Curtis v. Fruin-Colnon Contracting Co.

253 S.W.2d 158, 363 Mo. 676, 1952 Mo. LEXIS 689
CourtSupreme Court of Missouri
DecidedNovember 10, 1952
Docket42761
StatusPublished
Cited by47 cases

This text of 253 S.W.2d 158 (Curtis v. Fruin-Colnon Contracting Co.) is published on Counsel Stack Legal Research, covering Supreme Court of Missouri primary law. Counsel Stack provides free access to over 12 million legal documents including statutes, case law, regulations, and constitutions.

Bluebook
Curtis v. Fruin-Colnon Contracting Co., 253 S.W.2d 158, 363 Mo. 676, 1952 Mo. LEXIS 689 (Mo. 1952).

Opinions

[679]*679HYDE, P. J.

Action for trespassing on plaintiffs’ land and damaging plaintiffs’ building in East St. Louis, Illinois. Plaintiffs had a verdict for $8,000.00, and defendant has appealed from the judgment entered. It is contended that plaintiffs did not make a jury [680]*680case; that instructions 1 and 3 were erroneous; that there were erroneous rulings on evidence, and that the verdict was excessive.

Plaintiffs owned a one story five room brick building, about 40 feet long, built about 1905, which faced south on the north side of State Street. It was one of three buildings in the same yard owned by plaintiffs. The front part of this building was used as a doctor’s office by Dr. Winning, and the back part and basement as living quarters by Mr. and Mrs. Shumway. Mrs. Shumway took care of the office. In the fall of 1945, defendant began construction of a Sears-Roebuck store with a parking lot west of plaintiffs’ property. To build a retaining wall around the parking lot, defendant (without asking plaintiffs’ permission) dug a ditch partly on plaintiffs’ property (as much as 18 inches), which was less than two feet from the north part of their building and about seven feet from the south part. (The north part of the building had an L about 27% feet wide which extended about six feet farther west than the south part.) According to plaintiffs’ evidence, this ditch was about three feet wide and about four feet deep and was dug along the west side of plaintiffs’ building in May 1946. The ditch had no outlet and the soil was sandy and porous. There was considerable rain during the spring and summer and water collected in the ditch and seeped from it into the ground.

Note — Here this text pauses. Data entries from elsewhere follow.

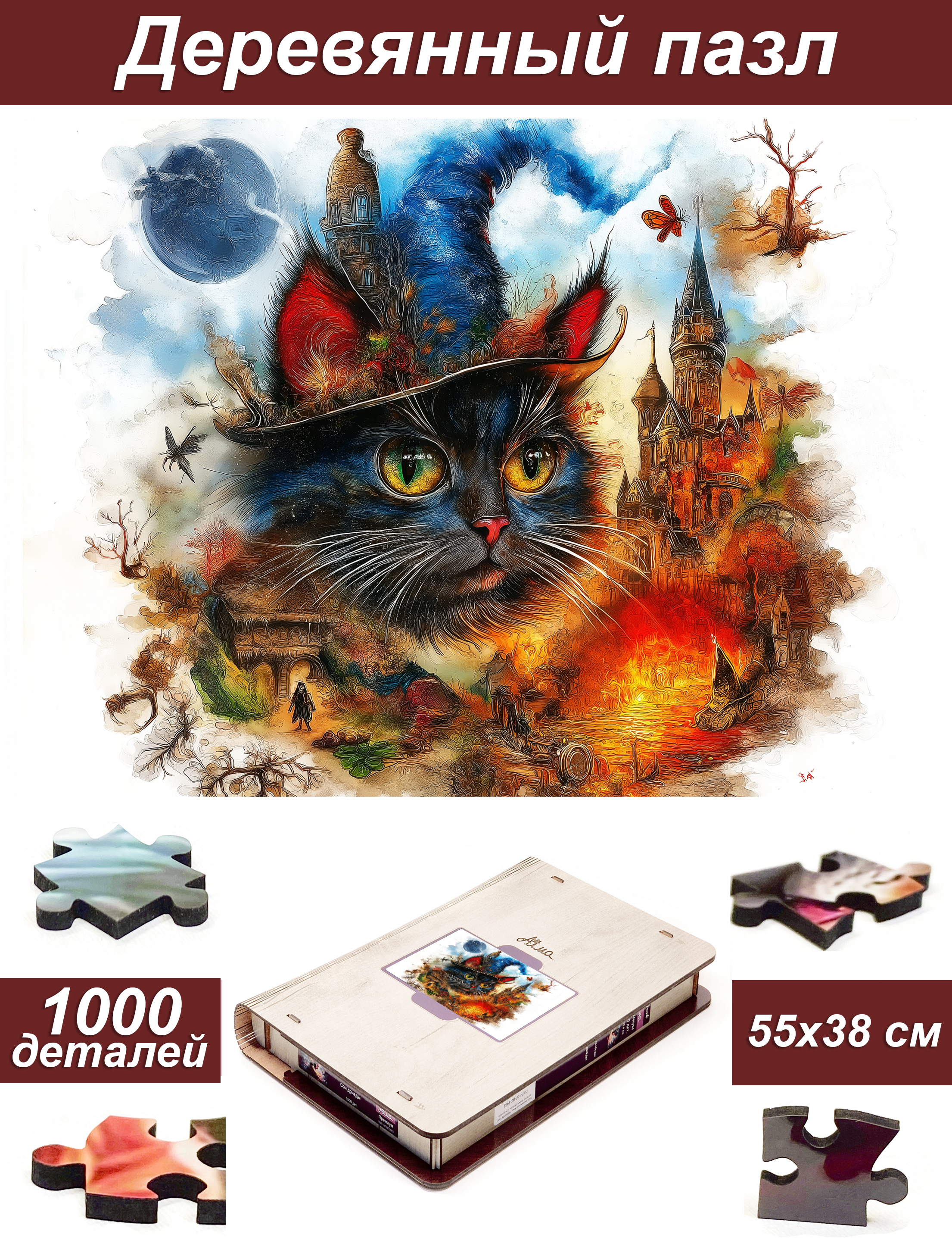 Пазл Алма деревянный ПРЕМИУМ 1000 деталей. Пушистые создания. Магия кота
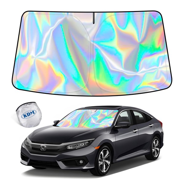 KDM Laser Silver Style Windshield Sun Shade Fit for 2016-2021 Honda Civic,Foldable Front Reflective Windows Sunshade Visor Protector Blocks UV Rays Heat
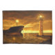 Nautical scene with lighthouse at an orange sky sunset. frontiernow.com
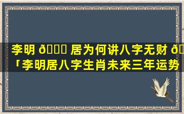 李明居老师八 🌲 字生肖运势 🌼 :未 🐅 来三年

There were very heavy rains in August 1946. On August 3rd, the rainfall was 1.50 inches, on August 5th 3.60 inches, on August 14th 3.44 inches, on August 15th 7.71 inches, and on August 16th 3.71 inches. The Weather Bureau records showed 8.48 inches fell during one 24 hour period and that this was the greatest 24 hour rainfall on record at East St. Louis. The records also stated: “Rainfall amounts of 8 inches or more during 24 hour periods do not appear frequently, over Illinois, but statewide records show enough occurrences to prevent the event from being considered unusual. ’ ’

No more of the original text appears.